Records to process:
====

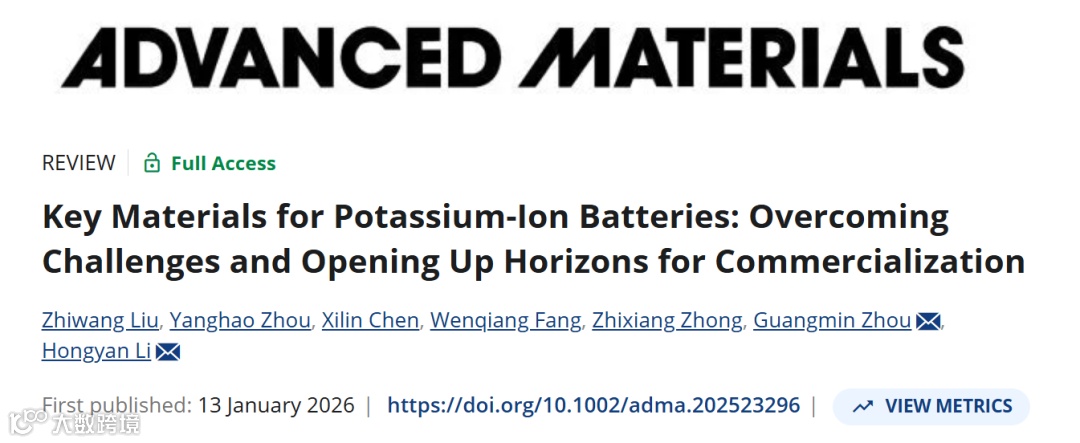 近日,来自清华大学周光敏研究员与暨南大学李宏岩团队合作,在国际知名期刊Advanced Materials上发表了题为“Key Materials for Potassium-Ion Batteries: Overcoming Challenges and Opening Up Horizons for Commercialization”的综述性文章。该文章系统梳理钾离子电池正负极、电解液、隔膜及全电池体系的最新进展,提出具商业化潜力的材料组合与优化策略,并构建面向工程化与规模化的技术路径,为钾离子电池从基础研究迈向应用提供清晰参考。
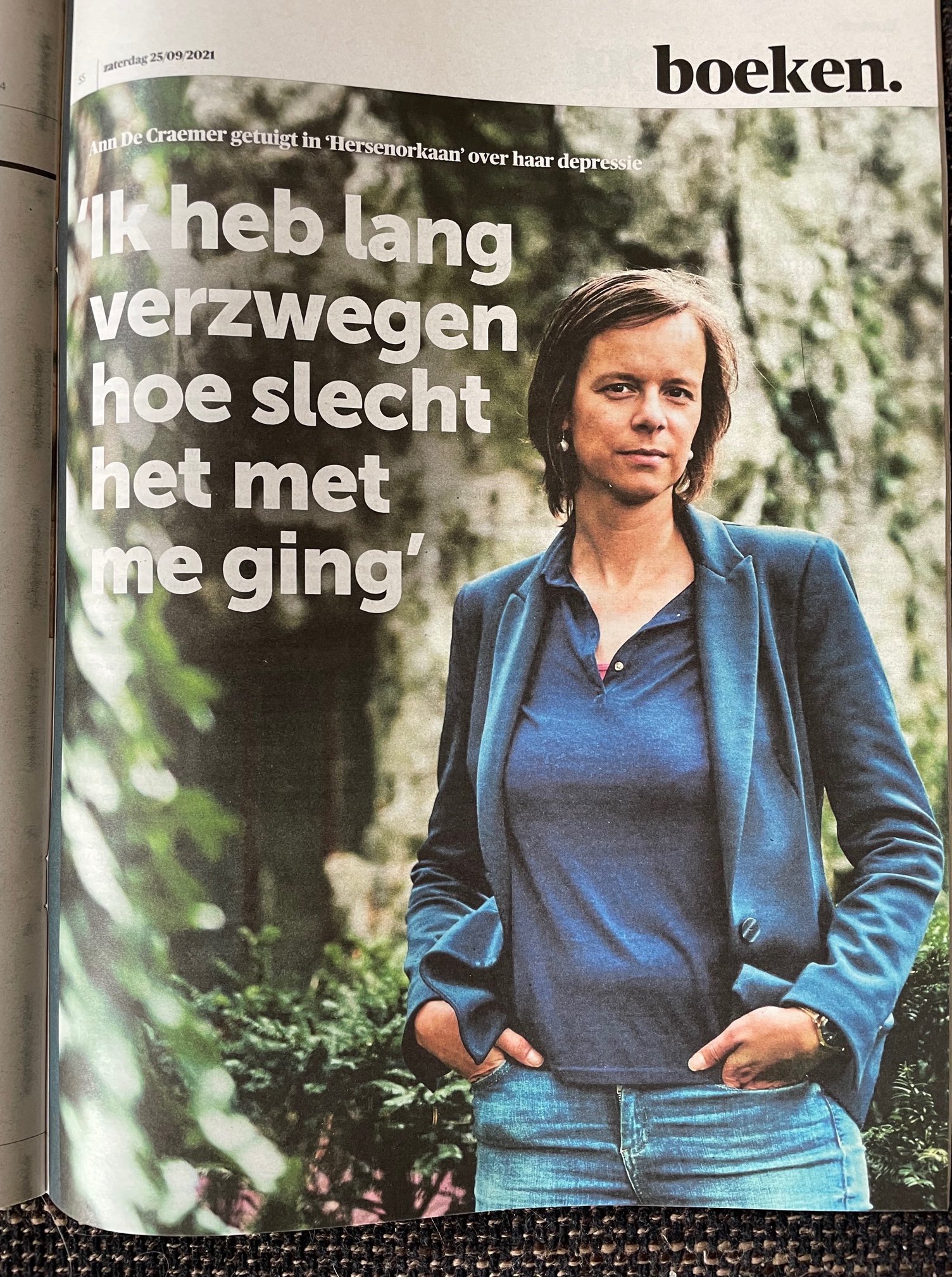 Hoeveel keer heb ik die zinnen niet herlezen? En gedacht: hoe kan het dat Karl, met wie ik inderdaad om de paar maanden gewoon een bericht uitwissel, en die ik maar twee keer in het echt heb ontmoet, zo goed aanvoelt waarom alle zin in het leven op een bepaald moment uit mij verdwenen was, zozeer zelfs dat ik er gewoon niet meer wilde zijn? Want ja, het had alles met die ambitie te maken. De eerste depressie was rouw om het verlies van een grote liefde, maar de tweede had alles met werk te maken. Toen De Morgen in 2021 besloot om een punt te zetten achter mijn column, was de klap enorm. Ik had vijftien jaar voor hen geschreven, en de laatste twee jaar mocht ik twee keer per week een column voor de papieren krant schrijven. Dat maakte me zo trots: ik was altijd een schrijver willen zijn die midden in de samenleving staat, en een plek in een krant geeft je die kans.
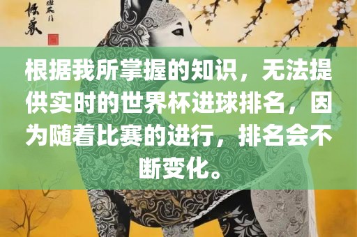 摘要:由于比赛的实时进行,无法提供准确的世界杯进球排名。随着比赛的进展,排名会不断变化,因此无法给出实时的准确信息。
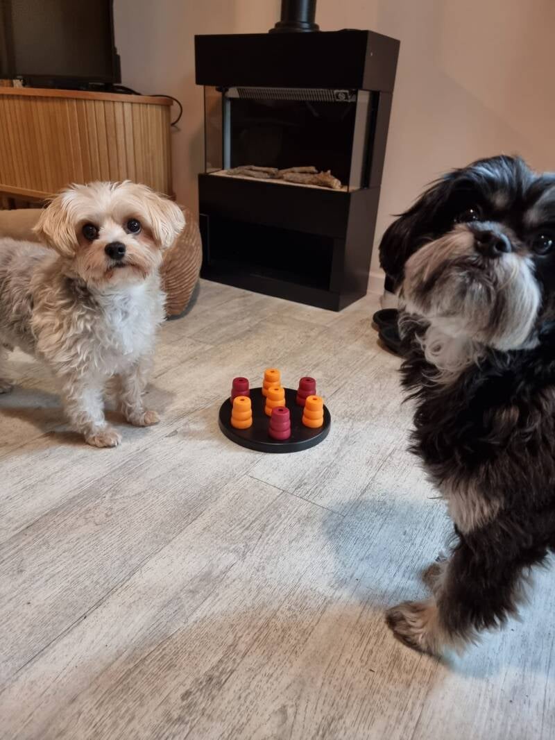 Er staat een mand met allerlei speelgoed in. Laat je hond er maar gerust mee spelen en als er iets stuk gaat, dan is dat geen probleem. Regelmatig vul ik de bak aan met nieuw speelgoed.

====

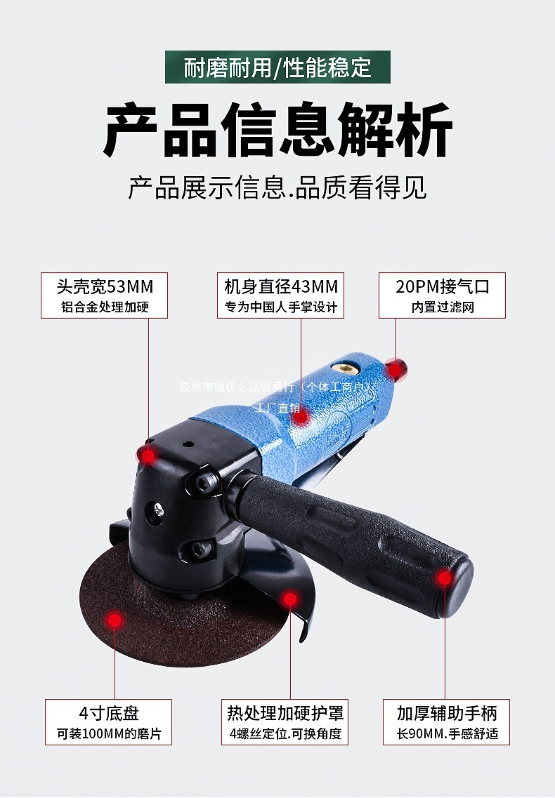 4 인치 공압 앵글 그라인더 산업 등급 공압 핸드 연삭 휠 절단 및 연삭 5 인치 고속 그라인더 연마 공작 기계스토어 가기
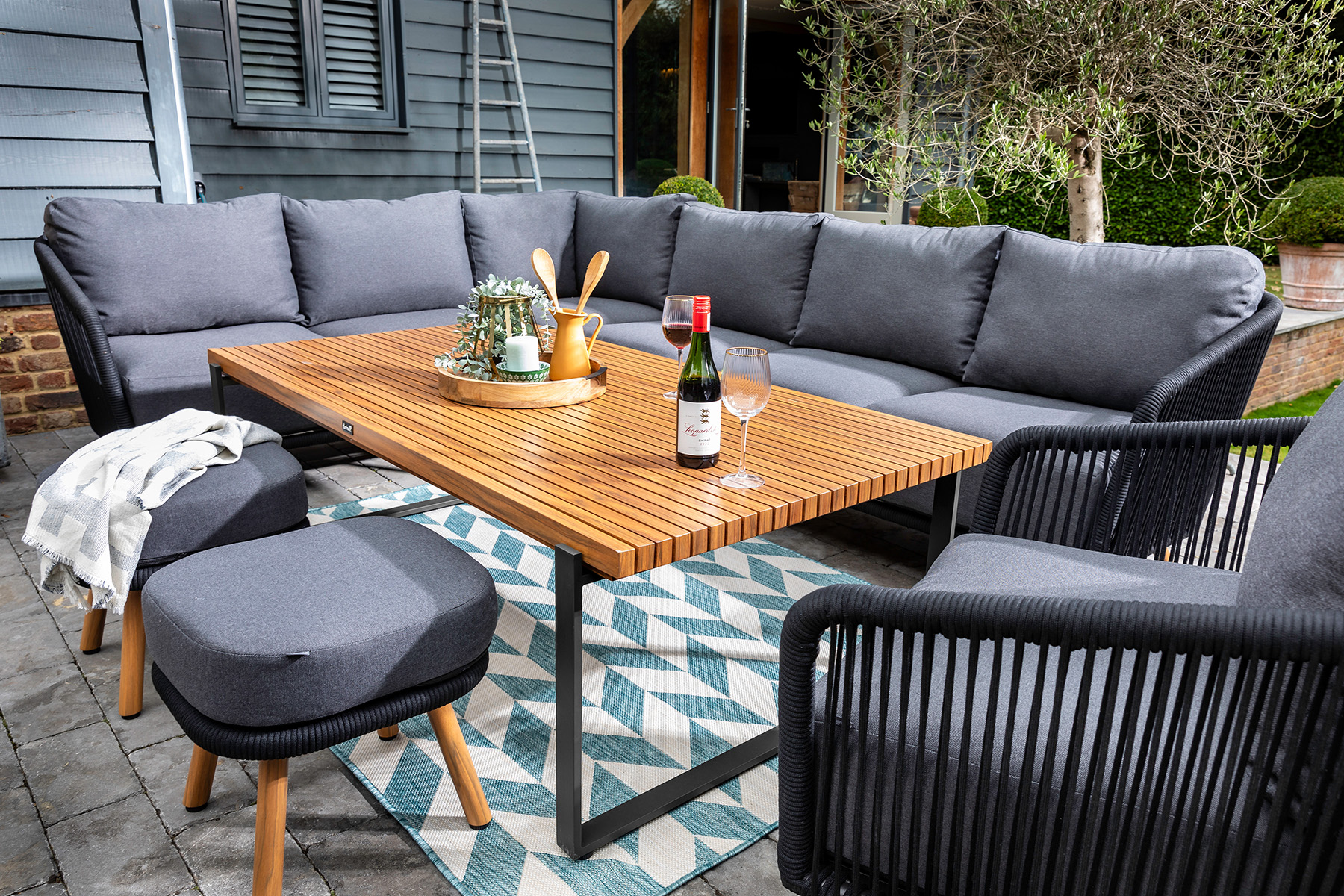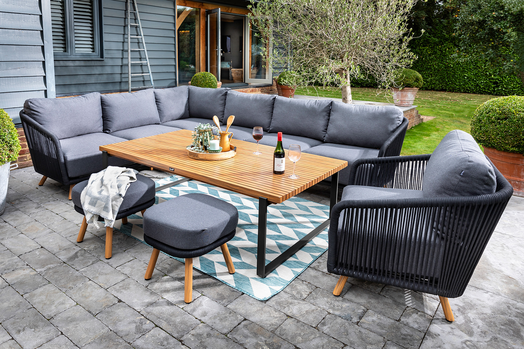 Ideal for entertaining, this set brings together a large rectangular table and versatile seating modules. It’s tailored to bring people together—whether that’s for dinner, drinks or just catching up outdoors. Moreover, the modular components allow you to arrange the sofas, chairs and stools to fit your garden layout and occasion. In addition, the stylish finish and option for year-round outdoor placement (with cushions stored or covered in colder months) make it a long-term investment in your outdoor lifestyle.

====

Work order: When you reach the line holding "摘要:由于比赛的实时进行,无" in the listing above, begin retyping exactly, and stop once the line holding "Er staat een" is done; pictures stay out.

Result of the exercise:
 摘要:由于比赛的实时进行,无法提供准确的世界杯进球排名。随着比赛的进展,排名会不断变化,因此无法给出实时的准确信息。
 Er staat een mand met allerlei speelgoed in. Laat je hond er maar gerust mee spelen en als er iets stuk gaat, dan is dat geen probleem. Regelmatig vul ik de bak aan met nieuw speelgoed.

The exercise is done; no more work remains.